Bahkan, konsekuensi lain yang harus ditanggungnya adalah, keluarga Gul ditangkap pemerintah China karena tindakan beraninya sebagai jurnalis Uighur yang bersuara keras di Amerika. Namun, ia tak punya pilihan selain menjadi lebih kuat untuk bertahan hidup, untuk dirinya dan orang-orang di Uighur.
“Tentu saja, saya bukannya mua jadi pahlawan. Kita sebagai perempuan, hanya ingin jadi seorang putri kesayangan ayah, atau ratu untuk suami, kita ingin dicintai dan merasa aman. Tapi terkadang, hidup mendorong kita ke posisi yang membuat jadi semakin kuat dan berani. Dan saya punya mimpi dan harapan, bisa kembali ke rumah saya dan tanah air saya saat mereka mendapat kebebasan suatu hari nanti,” cerita Gul.
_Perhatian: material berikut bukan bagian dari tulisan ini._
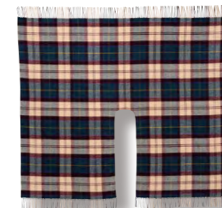
ティール ベージュ ブロック (メリノウール) 本体価格 ¥ 10,000

0385017800 JAN4992272627411 ショール/H125×W140cm(フリンジ含まず) ●ウール100%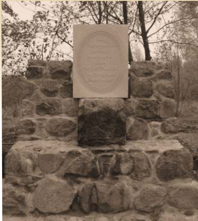
Cmentarz w Wólce Ląsiejkiej k/Bolimowa - płyta komemoratywna zrekonstruowana przez Łukasza Konopackiego

Dokładna liczba ofiar walk nad Rawką i ataków gazowych w okolicy Bolimowa nie jest znana. Według różnych źródeł miało w nich zginąć do 90 tys. żołnierzy obu stron. Ostatnie prace archeologiczne i odkrywanie kolejnych cmentarzy na terenie Puszczy Bolimowskiej pozwalają przypuszczać, iż ofiar może być znacznie więcej.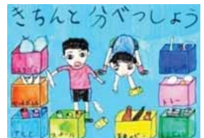
茨城県下妻市立騰波ノ江小学校2年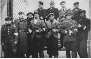
Funkcjonariusze PUBP i ORMO oddelegowani do zabezpieczenia referendum, 1946 r.

Wobec tłącego się w Polsce stanu wojny domowej niedziela 30 czerwca 1946 r. przebiegła względnie spokojnie. Oficjalne wyniki podano do publicznej wiadomości po prawie dwóch tygodniach. Generalny Komisarz głosowania ludowego oznajmił, że wzięło w nim udział ponad 90% uprawnionych, a na kolejne pytania twierdząco i w sposób ważny odpowiedziało: 68%, 77,2% i 91,4% głosujących. Ogłoszenie zawierało jedynie ogólne wyniki w skali kraju, nie przytoczono w nim natomiast żadnych częściowych rezultatów. Uniemożliwiono również ich publikację w oficjalnej prasie, a także przekazywanie do publicznej wiadomości na jakimkolwiek szczeblu.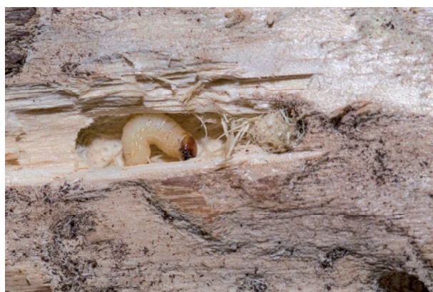
Obrázok 2. Larva tvrdoňa v kuklovej kolíske

Po ukončení chovu začiatkom februára 2014 (liahnutie imág F_1 bolo dokončené), sme urobili analýzu klátov, pri ktorej boli spočítané všetky výletové otvory, kuklové kolísky (obr. 2) a tiež nájdené larvy, kukly a imága. Kuklové kolísky boli nájdené pod kôrou a tiež hlbšie v dreve. Výsledky tejto analýzy sú uvedené v tabuľke 2.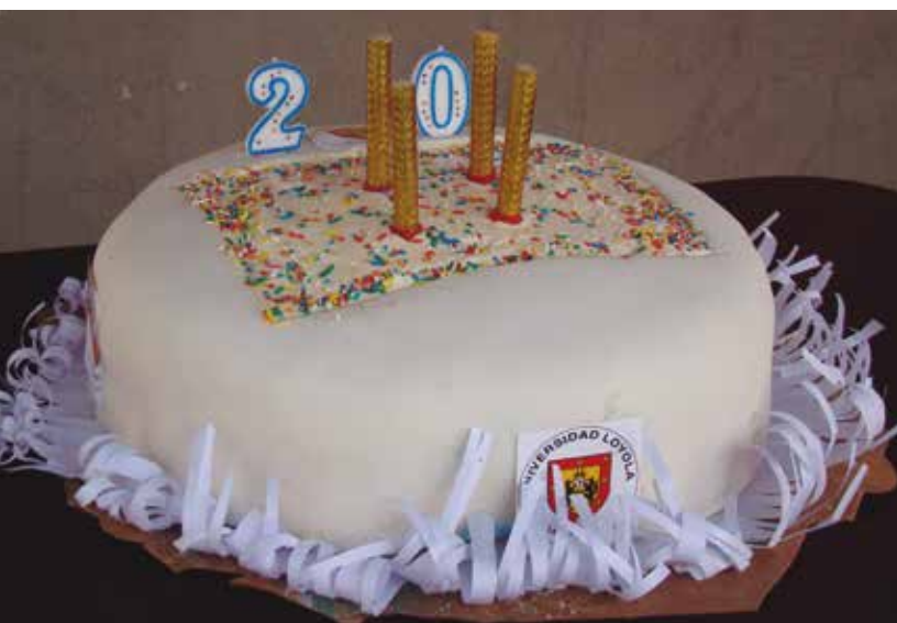
Celebración de los 20 años

La Fundación Loyola también hizo entrega de libros que irán para el apoyo bibliográfico de las carreras y estarán a disposición de todos los estudiantes en la Biblioteca Central de nuestra universidad, la cual tiene sus puertas abiertas todos los días de 9 am a 4 pm.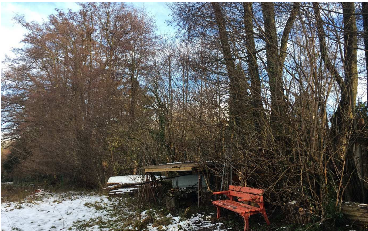
Abb. 10: Gewässerabschnitt vom Mühlwegaus, mit Lagerung von Holz, Anhänger, etc..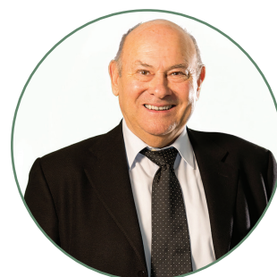
Marcel MARTEL Maire de Châteaurenard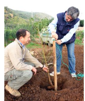
Fissate la pianta al palo posizionando l'innesto verso nord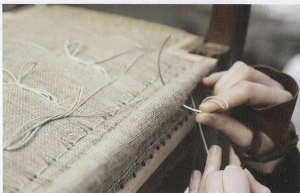
Garniture conservatoire sur châssis amovible pour une chaise conçue par Georges Jacob pour l'hôtel de la rue Chantereine à Paris, première adresse du couple Bonaparte.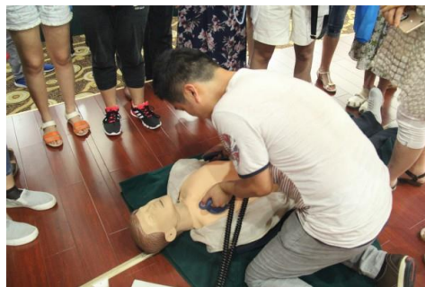
图 14 120 岗前急救培训授课现场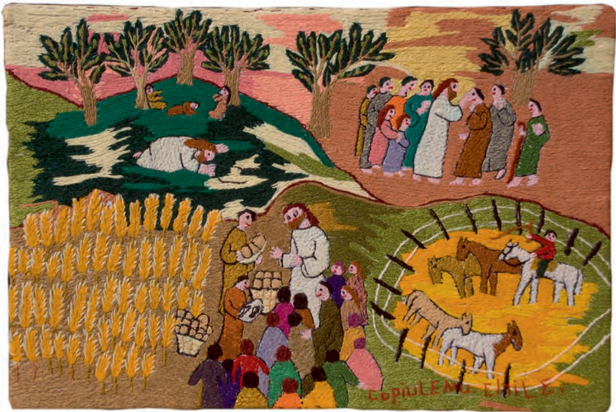
Illustration: Deutsches Komitee e.V.

Die Altkatholische Gemeinde in Kirchrode, Brabeckstr.24 lädt uns in diesem Jahr ein, gemeinsam den Weltgebetstag zu feiern.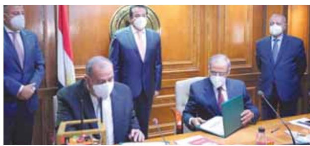
كتب- زكى السعدنى،

شهد د. خالد عبدالغفار وزير التعليم العالى والبحث العلمى، أمس، احتفالية تسليم ٣ أقمار صناعية تعليمية، لمعامل كليات علوم جامعة حلوان، وهندسة جامعة عين شمس، والأكاديمية العربية للعلوم والتكنولوجيا بفرع شبراخين بالقاهرة، لتكون نواة لمعامل ابتكار الفضاء فى (٢٢) كلية هندسة وعلوم فى مختلف جامعات مصر، وتمويل مشترك من أكاديمية البحث العلمى والتكنولوجيا ووكالة الفضاء المصرية. حضر الاحتفالية د. محمد القوصى الرئيس التنفيذى لوكالة الفضاء المصرية، ود. محمود مسقر رئيس أكاديمية البحث العلمى والتكنولوجيا، ود. إسماعيل عبدالغفار رئيس الأكاديمية العربية للعلوم والتكنولوجيا والنقل البحري، ود. محمود المنبى رئيس جامعة عين شمس، ود. محمود مهدى القائم بعمل رئيس جامعة حلوان، ود. عادل عبدالغفار المستشار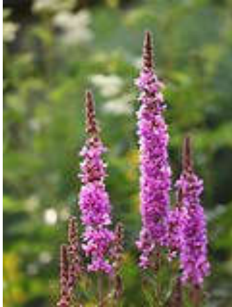
Grote Kattestaart [ Lythrum salicaria ]

Op het blad van Jacobskruiskruid zat een nachtvlinder; het bleek een Gamma-uil te zijn, herkenbaar aan het witte gammateken op beide vleugels. Hooibeestjes vlogen hier massaal rond. Na de Witte honingklaver zagen we langs de oever van de plas prachtig paars bloeiend de Grote Kattestaart staan én geel bloeiende composieten die herkend werden als Tandzaad.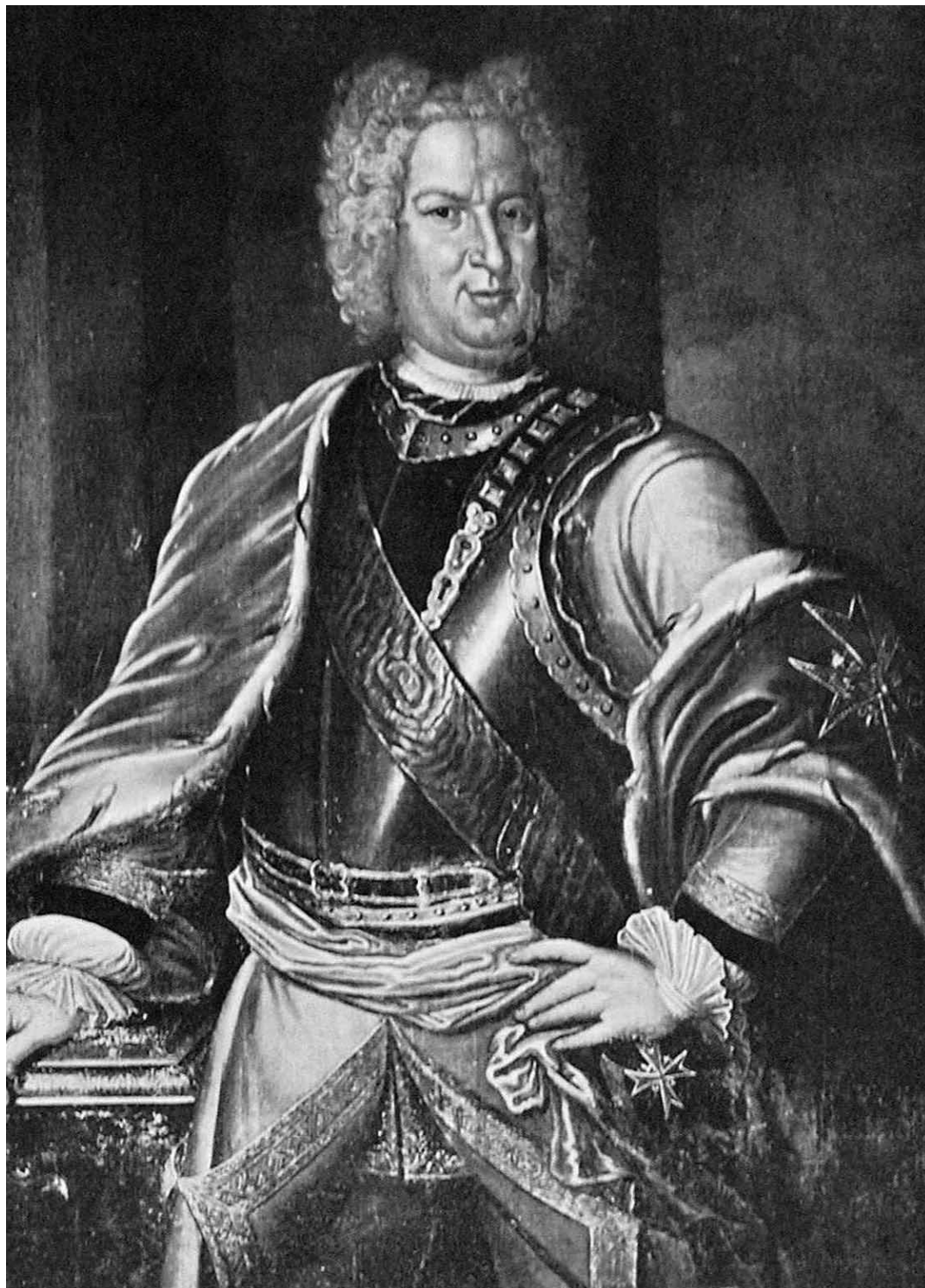
Il. 4. Malarz nieokreślony. Portret Stanisława Leszczyńskiego, 1. tercja XVIII w. ol., pł., 125,5 x 99, GIM nr inw. 74493/VI – 4198. Reprodukacja: B. Munuomu, op. cit., il. s. 13.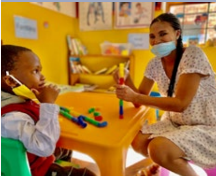
SUDÁFRICA: MARIST MERCY CARE SOUTH AFRICA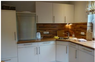
Ein Teil der Küchenzeile...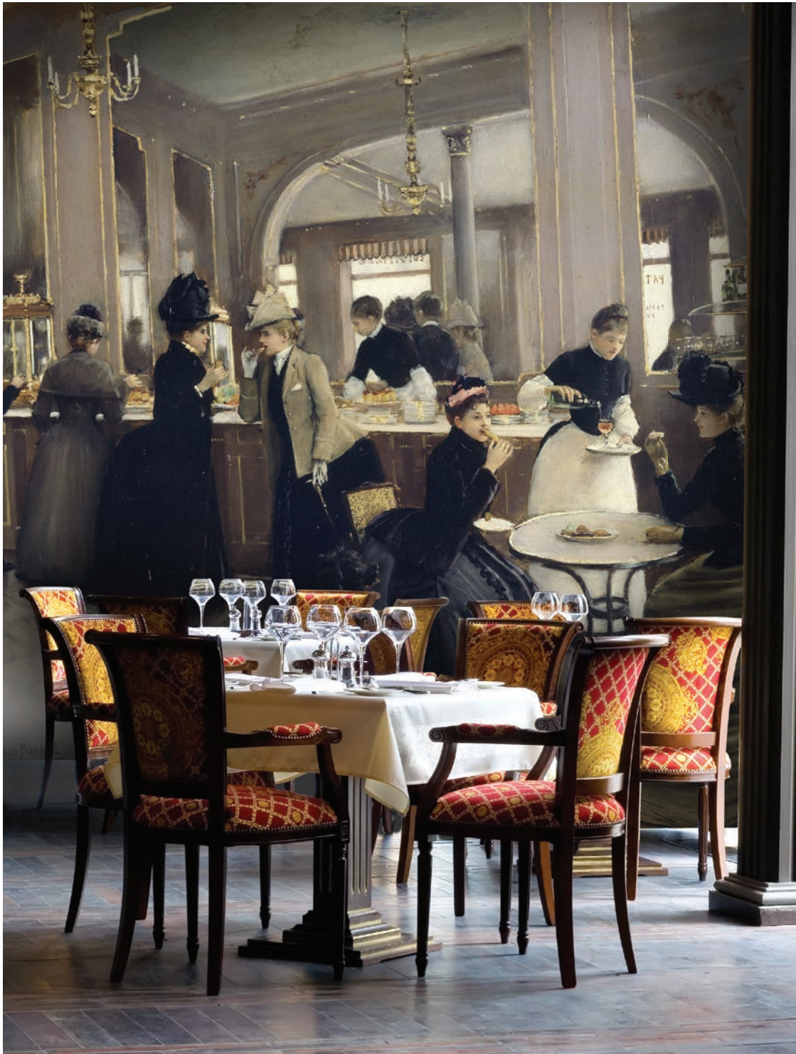
Ref.00-010695. "La pâtisserie Gloppe, avenue des Champs-Élysées " - 1889 - Béraud Jean-François

Barrisol® and Artolis® ceiling and wall coverings are particularly well-suited to public spaces because they comply with security, health and safety standards and boast acoustic and other properties which make them the ideal solution for your interior design schemes and projects.

Dalam proses menjadi berani, Gul mengatakan, bukannya harus menjadi yang paling atau sok kuat. Ia membiarkan dirinya merasakan emosi dan merilisnya, memvalidasi kesedihan, tangisan, dan ketakutan.
“Saya tidak fokus pada kehidupan masa lalu. Saya berpikir untuk selalu menyiapkan diri sambil menikmati apa yang saya miliki. Jangan lupa untuk melakukan hal yang kita sukai,” jelas Gul.
Gul menekankan dan mengingatkan kembali, jika untuk menjadi kuat dan berani, kita hanya harus menjadi manusia. Yang memiliki banyak rasa dan merasakannya secara normal seperti orang kebanyakan.
“Tapi jangan sampai hilang harapan dan lupa bersyukur. Kamu harus terus berharap dan bersyukur, yang secara alami membuat kita bahagia dan siap untuk menghadapi apa pun di depan nanti,” tegasnya.